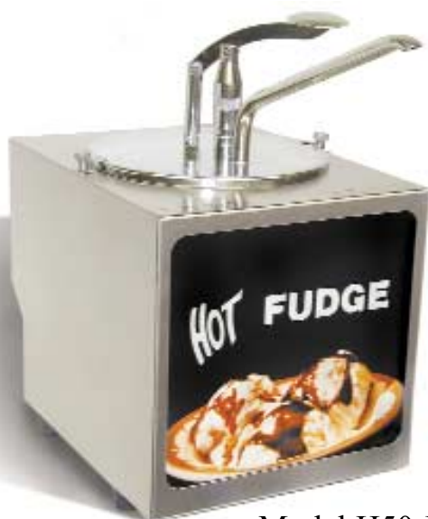
Model H50-P (Warmer w/Pump)

Compact in design, these units save valuable counter space. The lighted panel along with colorful graphics will surely put focus on your merchandise and stimulate sales.
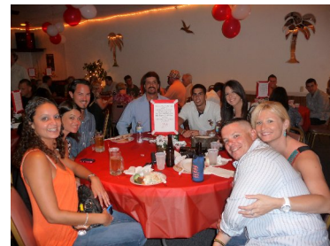
Enjoying the Celebration of Life.
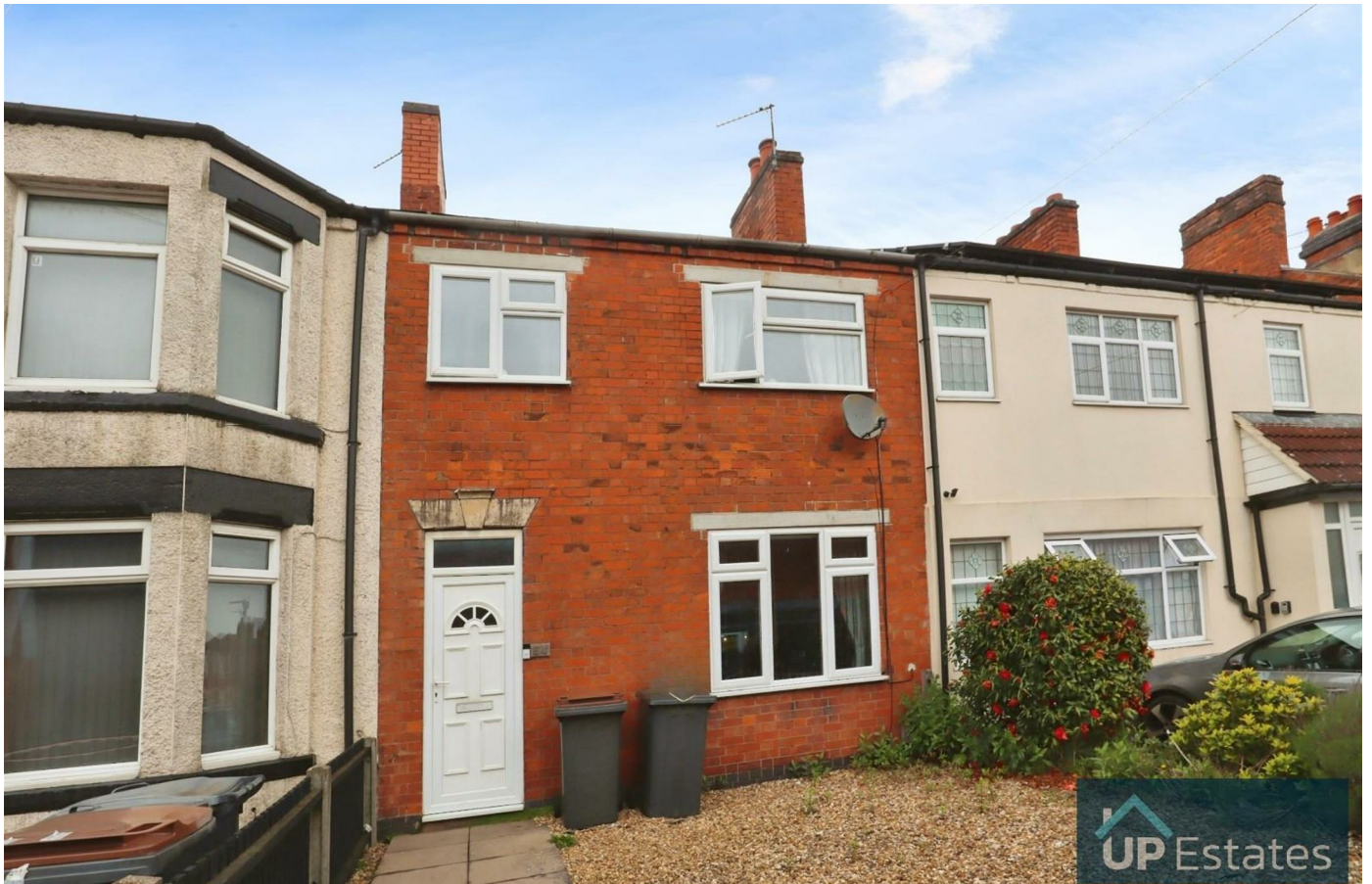
Wheat Street, Nuneaton
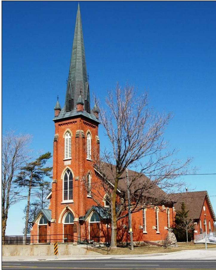
Claude Presbyterian Church: Repaired front gable fascia and soffits, painted exterior wood trim and exposed rafters in eaves.
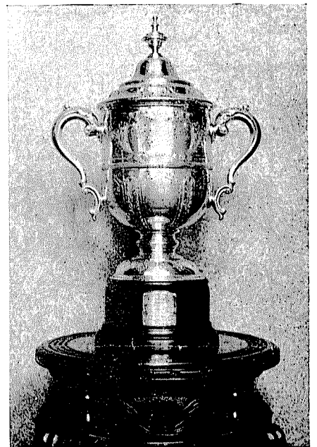
THE BEDFORD ATLANTIC COAST CHAMPIONSHIP TROPHY
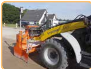
Fast assembly and disassembly,
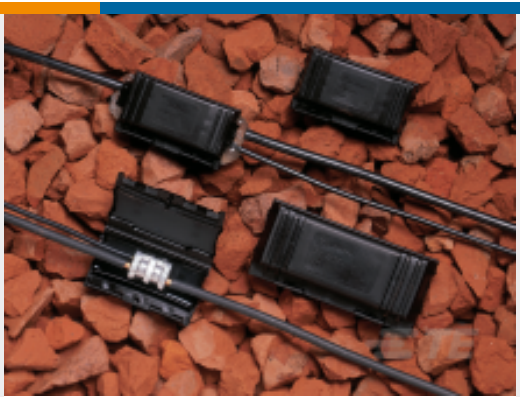
TE Part # C48562-000 GHFC-2.5-90(B300)

- _Exercise directions_
If a record holds a picture, leave the picture out and transcribe everything else exactly.

- _Exercise answer_
Model H50-P (Warmer w/Pump)

Compact in design, these units save valuable counter space. The lighted panel along with colorful graphics will surely put focus on your merchandise and stimulate sales.
Enjoying the Celebration of Life.
Wheat Street, Nuneaton
Claude Presbyterian Church: Repaired front gable fascia and soffits, painted exterior wood trim and exposed rafters in eaves.
THE BEDFORD ATLANTIC COAST CHAMPIONSHIP TROPHY
Fast assembly and disassembly,
TE Part # C48562-000 GHFC-2.5-90(B300)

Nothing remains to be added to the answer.